The processing of personal data of the client or its affected employees is carried out by Mayr Schulmöbel GmbH, Mühldorf 2, 4644 Scharnstein, Austria for the purpose of fulfilling the contract in accordance with the relevant legal provisions, in particular Art. 6 ff DSGVO.
The data protection information on the contractual data protection declaration can be accessed at any time at www.mayrschulmoebel.at/datenschutz for further information.
16. Copyright, confidentiality, non-solicitation
The purchaser acknowledges that the documents, plans, sketches, cost estimates, samples, catalogues, brochures, illustrations, photographs, etc. provided and/or made available, and any form of data, information and/or other items and the like are protected by copyright and are the sole property of MSG.
All rights, in particular the rights of editing, processing, distribution, reproduction, translation, reprinting and reproduction by photomechanical or similar means, by photocopying, microfilm or other electronic methods, as well as storage in data processing systems, are reserved exclusively by MSG, even if only parts of the material are used.
Furthermore, any use not in accordance with the intended purpose is not permitted and is expressly prohibited (by way of example, but not limited to advertising purposes, rights of use, exploitation rights, etc.).
The parties are obliged to promote the reputation of the other party and, in particular, not to criticize the other party to third parties. This obligation shall continue to apply even after the contract has ended.
Trade secrets:
A trade secret is information that
In particular, the business ideas and business strategies pursued by MSG and their implementation, the details of the contracts concluded between the contractual parties and their contractual objects, as well as security-related data, shall be deemed to be trade secrets.
The purchaser is obliged to ensure the confidentiality of the business secrets by means of technical and organizational measures and to prevent these business secrets from being acquired, used or disclosed without authorization.
Use by the client is only permitted to the extent agreed.
In the event of a breach of these obligations, the purchaser shall pay a contractual penalty of EUR 50,000.00.
Non-solicitation clause:
The client undertakes not to solicit any employees or suppliers of MSG. This obligation shall remain in force for three years after any termination of the contract.
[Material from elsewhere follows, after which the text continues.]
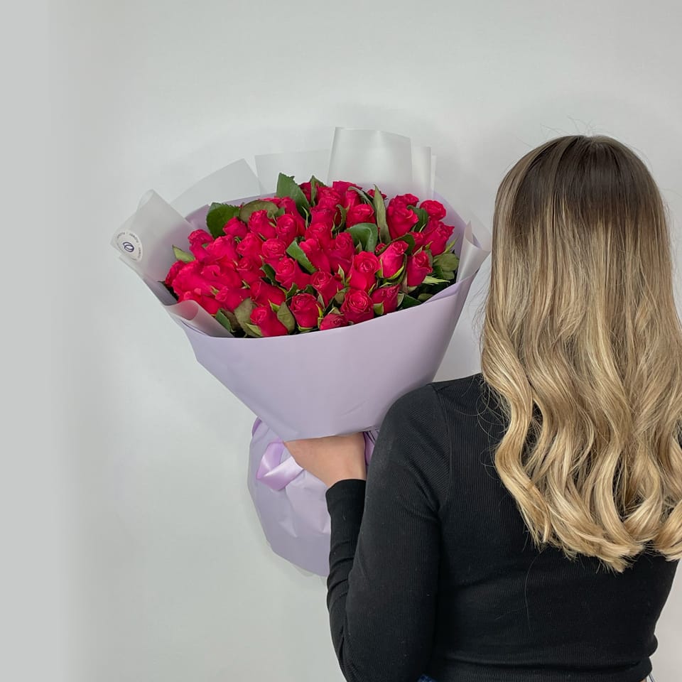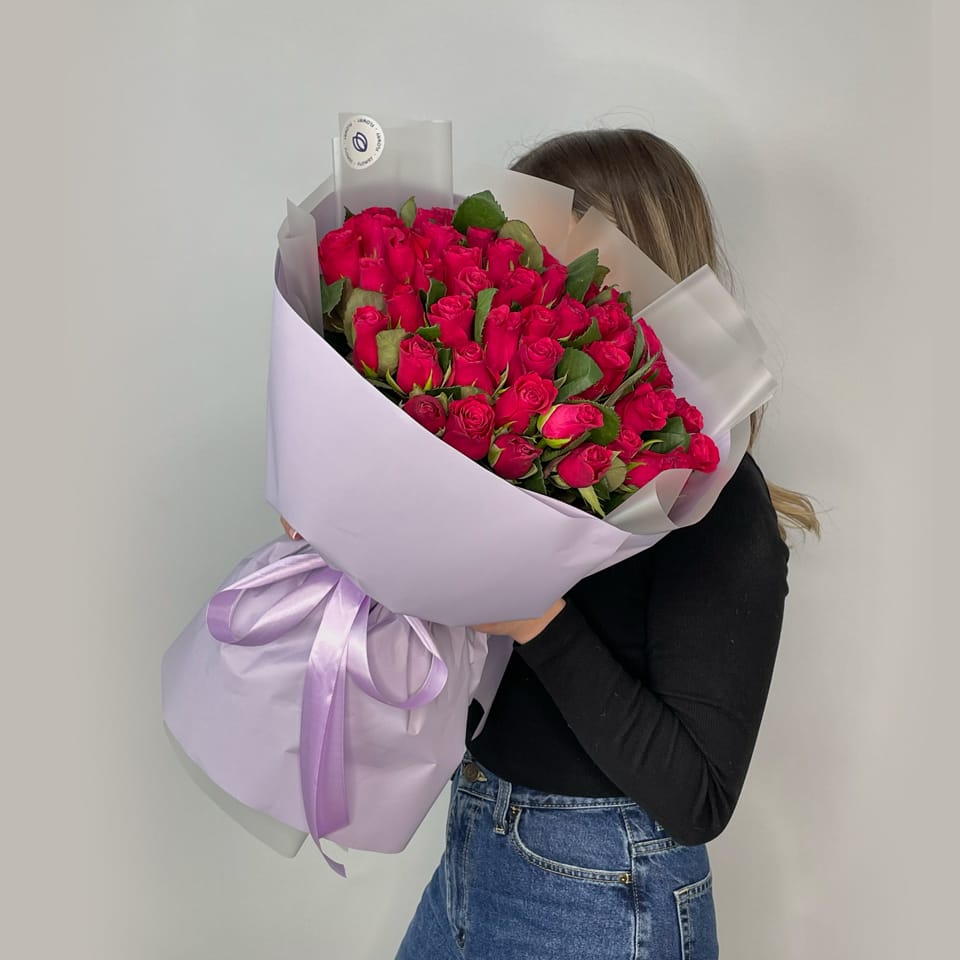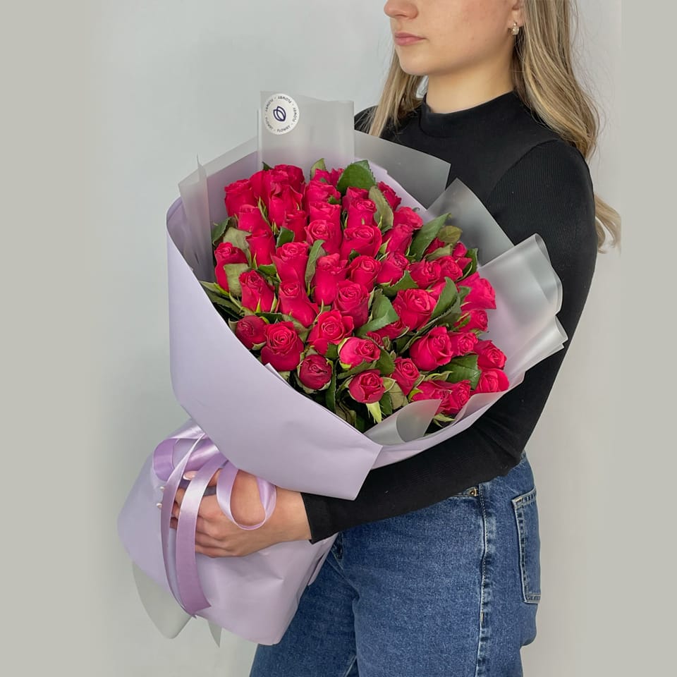 Этот букет – ода романтике и страсти. Насыщенный оттенок малиновых роз притягивает взгляды и вызывает восторг у всех, кто ценит красоту и элегантность в каждой детали.

In the event of a breach of this obligation, the purchaser shall pay a contractual penalty in the amount of the gross annual salary of the solicited employee or the gross annual turnover of the solicited supplier.
17. Miscellaneous
All legal relationships and matters between the purchaser/client and MSG shall be governed exclusively by Austrian law, excluding the international conflict of laws rules. The provisions of the UN Sales Convention shall not apply.
Insofar as contractual ÖNORMEN (Austrian Standards) have not been expressly agreed, they shall not apply.
The place of jurisdiction for all disputes between MSG and the purchaser shall be the competent Austrian court for Scharnstein. However, MSG shall also be entitled to take legal action at the general place of jurisdiction of MSG and the Client.
The only legal binding language for these GTC is German. The English version is for information only. If any discrepancy between the German and the English version, the occurs, the German version expressly prevails.